**** Listed entries ****

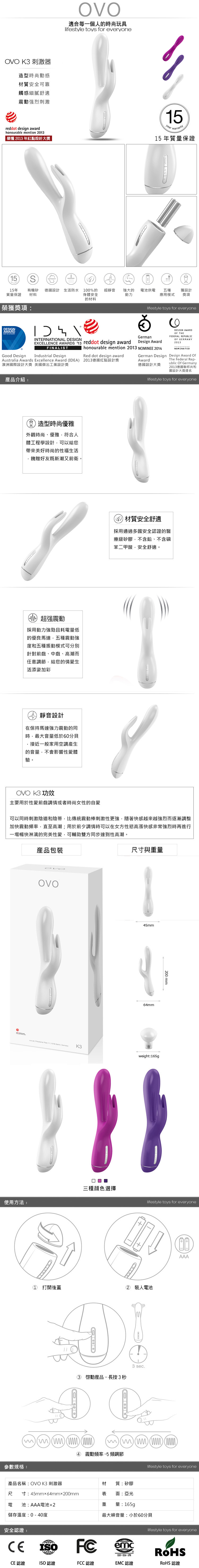 .主商品:德國OVO-K3 寶妮小兔 5段變頻 多功能 雙叉 震動按摩棒-白色X1
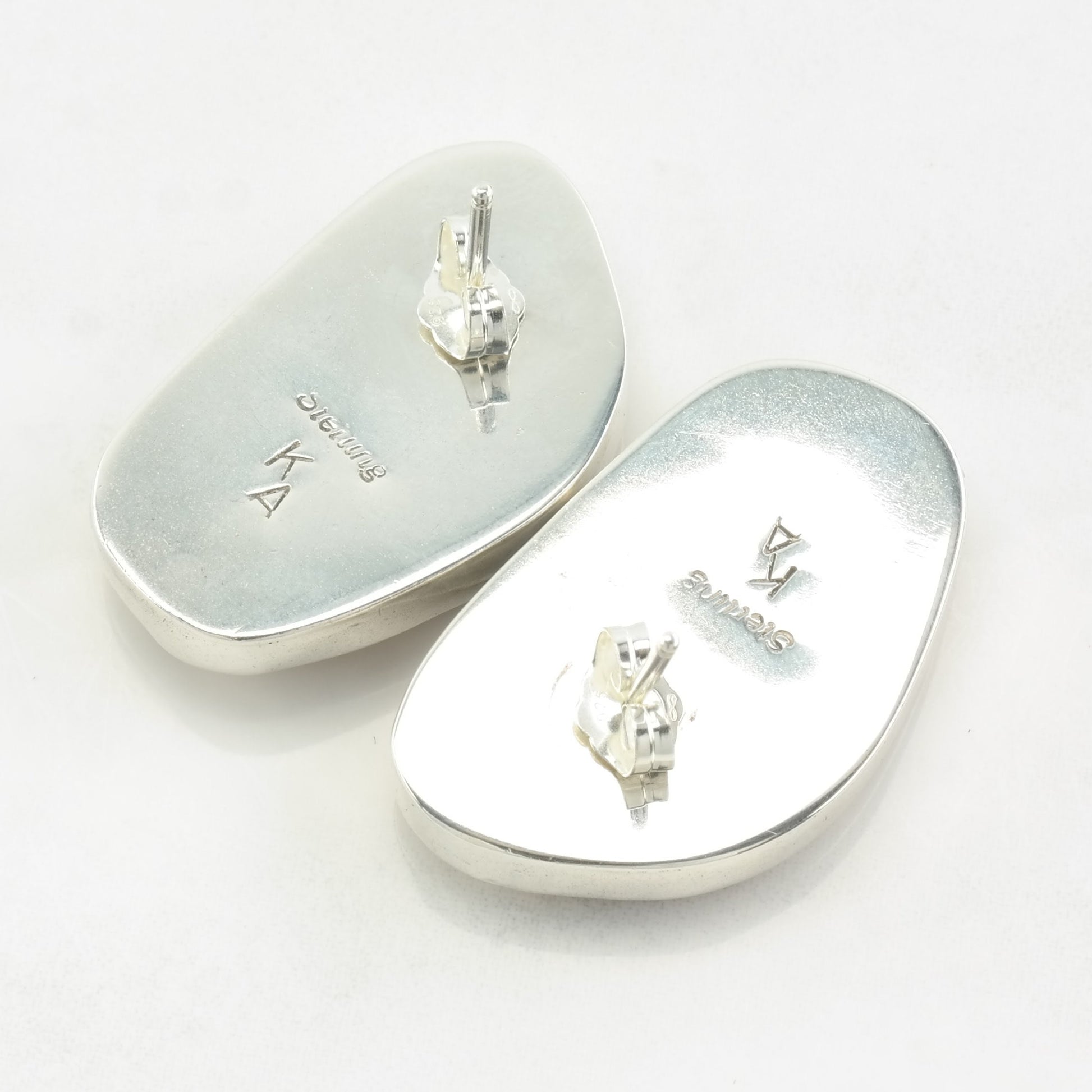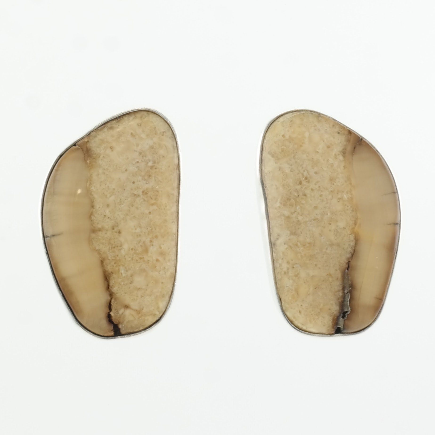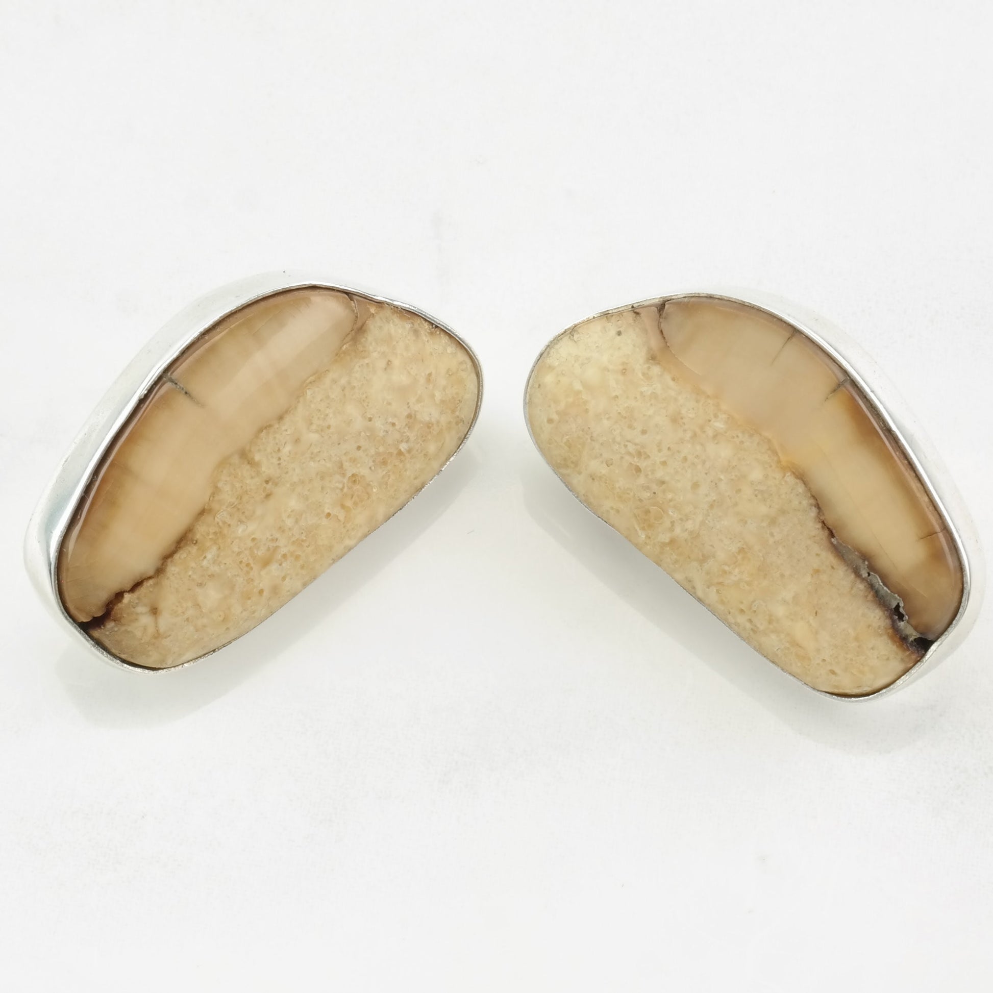 Make a statement with these unique vintage Native American sterling silver pierced earrings from the 1970s. Featuring intriguing beige fossil stones in an organic, freeform shape, these earrings embody the minimalist aesthetic of modernist jewelry. The natural variations and textures within the fossils make each earring truly one-of-a-kind.
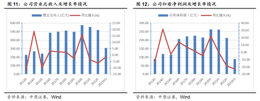 公司自成立以来业绩持续稳定增长。自2003年成立,至2022年,公司装机容量由551万千瓦增至7179.5万千瓦,营业总收入由29.86亿元增至520.60亿元,归属于上市公司股东的净利润由14.38亿元增至213.09亿元。2023上半年,长江来水同比偏枯、运行水位偏低(梯级水库持续向下游补水),公司六座梯级电站总发电量约1032亿千瓦时,其中第二季度,公司境内所属梯级电站总发电量约476.16亿千瓦时,较2022年同期减少38.33%。在发电量较大幅度下滑的背景下,2023上半年,公司实现营业总收入309.75亿元,同比下降1.54%;实现属于上市公司股东的净利润88.82亿元,同比下降22.85%。
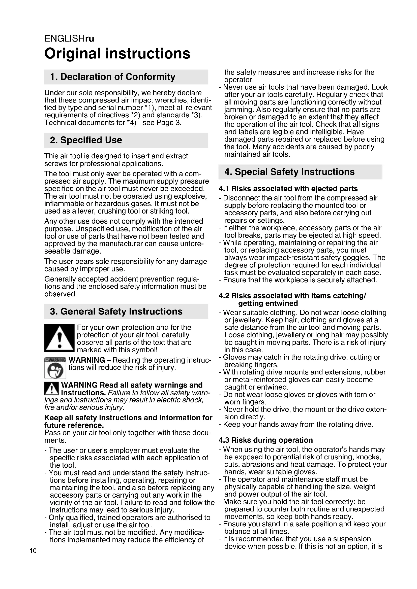 Original instructions Under our sole responsibility, we hereby declare that these compressed air impact wrenches, identi- fied by type and serial number *1), meet all relevant requirements of directives *2) and standards *3). Technical documents for *4) - see Page 3. This air tool is designed to insert and extract screws for professional applications. The tool must only ever be operated with a com- pressed air supply. The maximum supply pressure specified on the air tool must never be exceeded. The air tool must not be operated using explosive, inflammable or hazardous gases. It must not be used as a lever, crushing tool or striking tool. Any other use does not comply with the intended purpose. Unspecified use, modification of the air tool or use of parts that have not been tested and approved by the manufacturer can cause unfore- seeable damage. The user bears sole responsibility for any damage caused by improper use. Generally accepted accident prevention regula- tions and the enclosed safety information must be observed. For your own protection and for the protection of your air tool, carefully observe all parts of the text that are marked with this symbol! WARNING – Reading the operating instruc- tions will reduce the risk of injury. WARNING Read all safety warnings and instructions. Failure to follow all safety warn- ings and instructions may result in electric shock, fire and/or serious injury. Keep all safety instructions and information for future reference. Pass on your air tool only together with these docu- ments. - The user or user's employer must evaluate the specific risks associated with each application of the tool. - You must read and understand the safety instruc- tions before installing, operating, repairing or maintaining the tool, and also before replacing any accessory parts or carrying out any work in the vicinity of the air tool. Failure to read and follow the instructions may lead to serious injury. - Only qualified, trained operators are authorised to install, adjust or use the air tool. - The air tool must not be modified. Any modifica- tions implemented may reduce the efficiency of the safety measures and increase risks for the operator. - Never use air tools that have been damaged. Look after your air tools carefully. Regularly check that all moving parts are functioning correctly without jamming. Also regularly ensure that no parts are broken or damaged to an extent that they affect the operation of the air tool. Check that all signs and labels are legible and intelligible. Have damaged parts repaired or replaced before using the tool. Many accidents are caused by poorly maintained air tools.
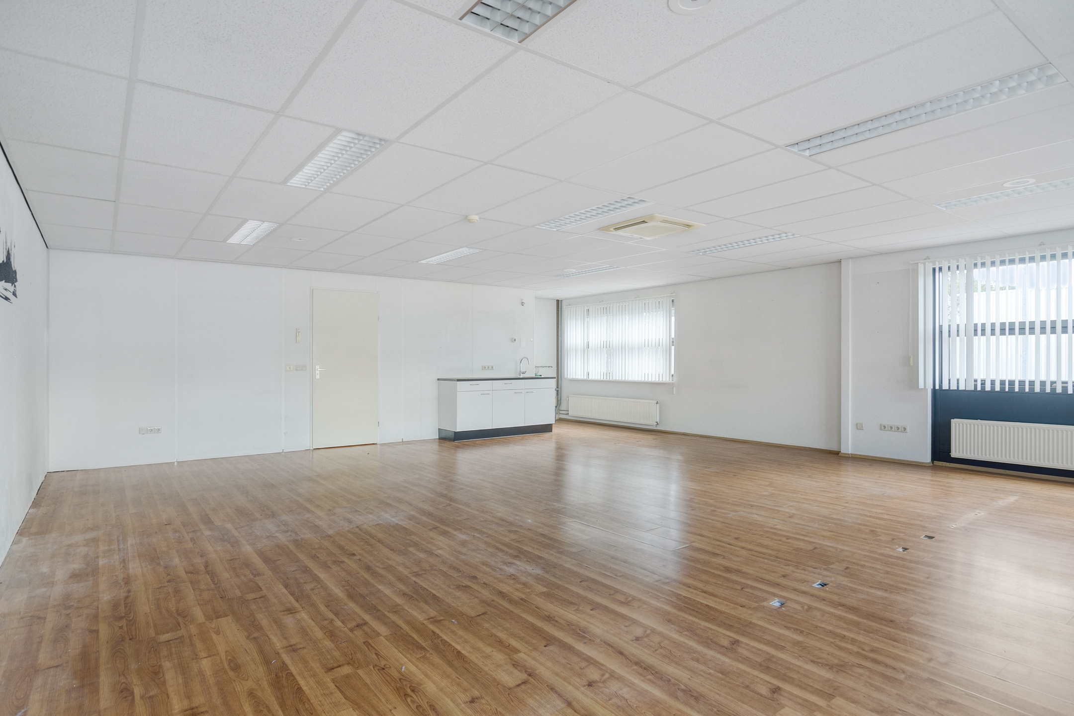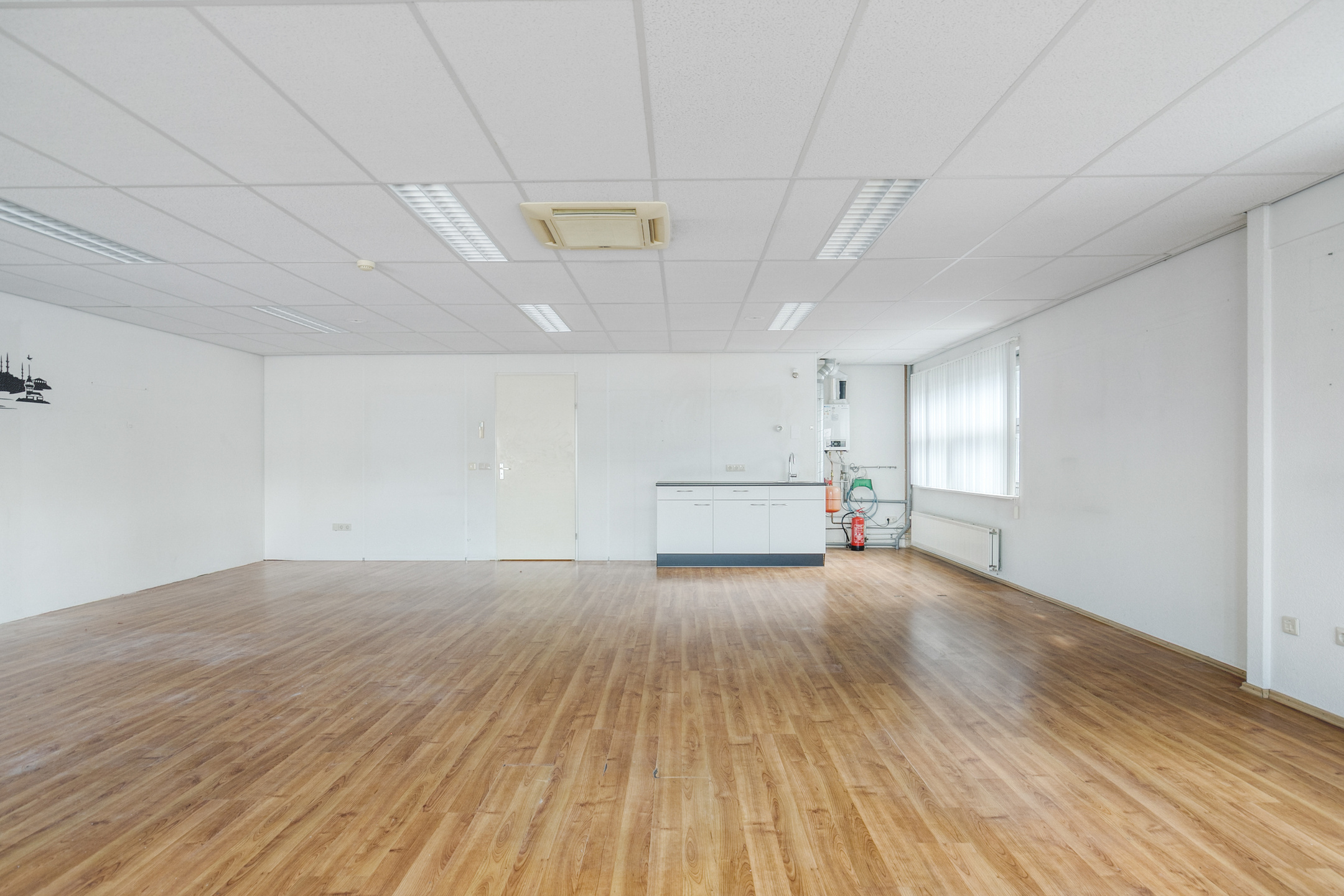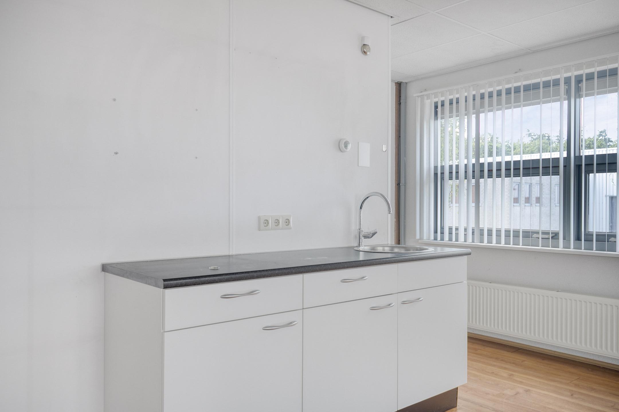 De kantoorruimte op de verdieping beschikt over een laminaatvloer, deels gecombineerd met een tegelvloer, een systeemplafond met inbouwarmaturen en een keukenopstelling. Tevens is de kantoorruimte voorzien van een airco-unit, die kosteloos (‘om niet’) ter beschikking wordt gesteld.

****

> Exercise instructions: A faithful copy of every entry is needed, omitting each image.

> Output of the exercise:
 .主商品:德國OVO-K3 寶妮小兔 5段變頻 多功能 雙叉 震動按摩棒-白色X1
 Make a statement with these unique vintage Native American sterling silver pierced earrings from the 1970s. Featuring intriguing beige fossil stones in an organic, freeform shape, these earrings embody the minimalist aesthetic of modernist jewelry. The natural variations and textures within the fossils make each earring truly one-of-a-kind.
 公司自成立以来业绩持续稳定增长。自2003年成立,至2022年,公司装机容量由551万千瓦增至7179.5万千瓦,营业总收入由29.86亿元增至520.60亿元,归属于上市公司股东的净利润由14.38亿元增至213.09亿元。2023上半年,长江来水同比偏枯、运行水位偏低(梯级水库持续向下游补水),公司六座梯级电站总发电量约1032亿千瓦时,其中第二季度,公司境内所属梯级电站总发电量约476.16亿千瓦时,较2022年同期减少38.33%。在发电量较大幅度下滑的背景下,2023上半年,公司实现营业总收入309.75亿元,同比下降1.54%;实现属于上市公司股东的净利润88.82亿元,同比下降22.85%。
 Original instructions Under our sole responsibility, we hereby declare that these compressed air impact wrenches, identi- fied by type and serial number *1), meet all relevant requirements of directives *2) and standards *3). Technical documents for *4) - see Page 3. This air tool is designed to insert and extract screws for professional applications. The tool must only ever be operated with a com- pressed air supply. The maximum supply pressure specified on the air tool must never be exceeded. The air tool must not be operated using explosive, inflammable or hazardous gases. It must not be used as a lever, crushing tool or striking tool. Any other use does not comply with the intended purpose. Unspecified use, modification of the air tool or use of parts that have not been tested and approved by the manufacturer can cause unfore- seeable damage. The user bears sole responsibility for any damage caused by improper use. Generally accepted accident prevention regula- tions and the enclosed safety information must be observed. For your own protection and for the protection of your air tool, carefully observe all parts of the text that are marked with this symbol! WARNING – Reading the operating instruc- tions will reduce the risk of injury. WARNING Read all safety warnings and instructions. Failure to follow all safety warn- ings and instructions may result in electric shock, fire and/or serious injury. Keep all safety instructions and information for future reference. Pass on your air tool only together with these docu- ments. - The user or user's employer must evaluate the specific risks associated with each application of the tool. - You must read and understand the safety instruc- tions before installing, operating, repairing or maintaining the tool, and also before replacing any accessory parts or carrying out any work in the vicinity of the air tool. Failure to read and follow the instructions may lead to serious injury. - Only qualified, trained operators are authorised to install, adjust or use the air tool. - The air tool must not be modified. Any modifica- tions implemented may reduce the efficiency of the safety measures and increase risks for the operator. - Never use air tools that have been damaged. Look after your air tools carefully. Regularly check that all moving parts are functioning correctly without jamming. Also regularly ensure that no parts are broken or damaged to an extent that they affect the operation of the air tool. Check that all signs and labels are legible and intelligible. Have damaged parts repaired or replaced before using the tool. Many accidents are caused by poorly maintained air tools.
 De kantoorruimte op de verdieping beschikt over een laminaatvloer, deels gecombineerd met een tegelvloer, een systeemplafond met inbouwarmaturen en een keukenopstelling. Tevens is de kantoorruimte voorzien van een airco-unit, die kosteloos (‘om niet’) ter beschikking wordt gesteld.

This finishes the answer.